PORTLAND — Mark Dion, who represented residents of North Deering at the state level for eight years, is vying to represent them at the local level as a District 5 city councilor.

“A lot of issues people are concerned about, like quality of life in the city and property taxes, for the most part don’t get addressed in Augusta. There is a much broader view,” said Dion, who was a state representative from 2010-16 and state senator from 2016-18.

“I am a fan of (outgoing District 5) Councilor Kim Cook. When she told me she was not running, I felt this was a good opportunity to return to public life and provide some seasoned, measured leadership to the City Council,” Dion said.

Kenneth Capron, John Coyne and Kathryn Sykes are also running to replace Cook, who represents the neighborhoods of North Deering, Riverton and part of Deering Center.

Capron said his interest in the seat is to give more voice to the residents.

“I have observed the council’s action, especially on the homeless issue and some other issues, and I am very concerned about the process we are using and how it excludes the public – the voice they are supposed to be representing,” he said.

Coyne represented the district on the City Council between 2008 and 2014 and is ready to do so again.

“Over the last six years, I’ve watched and seen what’s been going on in our city. Some of the developments have been good and others, I’ll say, have been interesting,” Coyne said. “It prompted me to say I want to get my voice back in there and represent the folks of District 5 again.”

Sykes would like to use her experience as a community organizer to bring residents of District 5 together.

“I see District 5 as an unorganized black hole. It is a really sprawling district geographically and has so much housing diversity to it. There are large single family homes by the Falmouth line, the Riverton public housing project and everything in between,” she said.

Overall, Sykes said, city government doesn’t do a good job with civic engagement. She would like councilors to have offices in their districts so residents can connect with them. She’d like the city to adopt participatory budgeting, a system used in Chicago where she used to live in which residents have a direct say in how to spend their neighborhood’s share of tax dollars.

“That has an incredible effect on getting the public to participate in government,” she said.

Coyne, too, wants to increase engagement with residents.

“I look at the citizen-led (referendums) and I find them to be very complicated. The fact people are looking for change in this way could be indicative of a council that doesn’t do enough outreach,” he said.

Coyne also wants to look into alternative revenue streams, such as a local option sales tax.

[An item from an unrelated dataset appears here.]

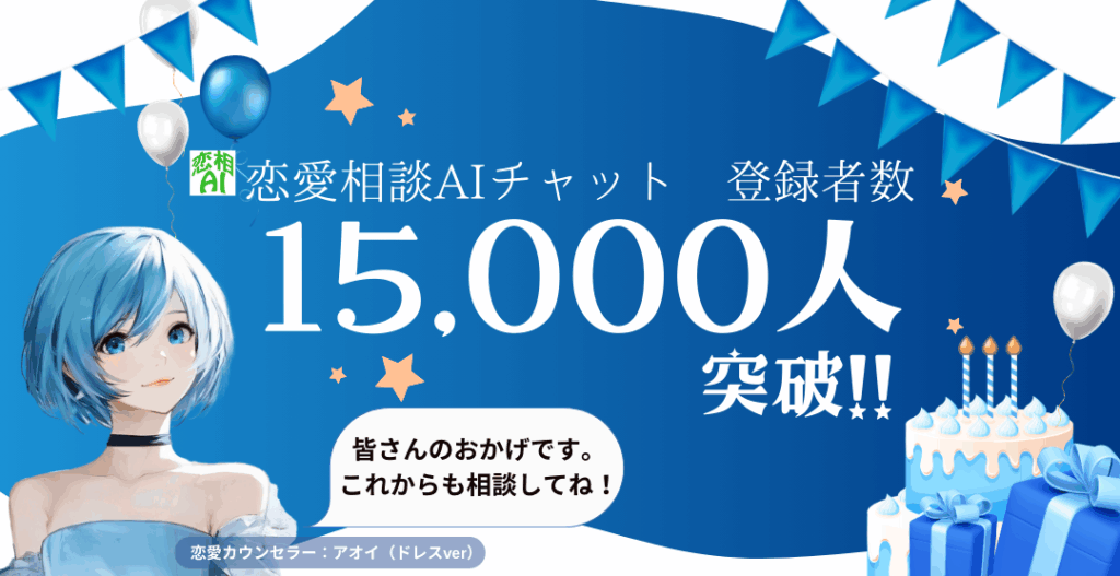 皆さまのおかげで、恋愛相談AIチャットのお友達が15,000人を超えました!

“People are tired of balancing everything on the back of the local taxpayers. There are so many things going on and there is only so much in peoples’ pockets,” he said.

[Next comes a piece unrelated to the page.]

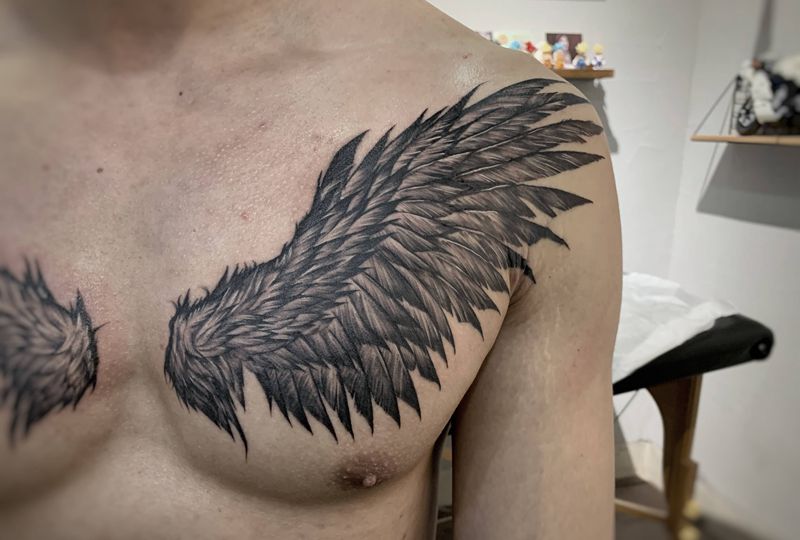 当前位置: 首页 >福建省泉州市纹身店-诚毅刺青纹身图案>天使之翼纹身图片_肩部胸部新传统欧美写实纹身图案

Dion said his focus would be maintaining basic city services, such as fire and police protection, emergency medical response and public works projects, for residents in District 5 and across the city. He would also work on “jump-starting our hospitality and small business industry.”

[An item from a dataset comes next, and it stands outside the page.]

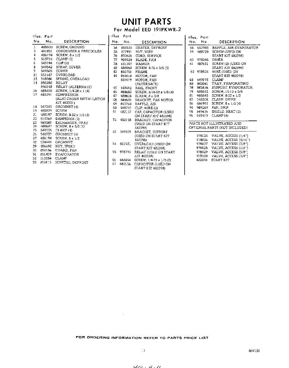 Parts for EED191PKWR2

“Portland is a city of small neighborhoods and small businesses. It is great if we get that large business infusion, but I am concerned about the corner stores, the small coffee shops. Those entities need our support because their margins are so thin,” Dion said.

From a policy standpoint, Dion is concerned about the placement of a new homeless services center on Riverside Street and the city’s ability to help the unhoused. The issue of homelessness, he said, extends beyond Portland and requires a more collective approach.

“With my experience, as a state legislator, I could have some leverage to have the state step into this issue. Portland can’t continue to provide what by and large is a state service,” he said.

The homeless center is also a concern to Capron and Coyne.

Capron is opposed to a Riverside Street homeless shelter and has joined a neighborhood petition effort to have the council rescind its decision to locate it there.

“We need smaller shelters based on the needs of the people there,” Capron said. “Some people are (in a shelter) for only a night. Some are there until they can find a job or an apartment and some need mental health or substance use services.”

Coyne says the process in selecting the Riverside Street site was “flawed” and he “would like to take a look at reopening it and take a different view.”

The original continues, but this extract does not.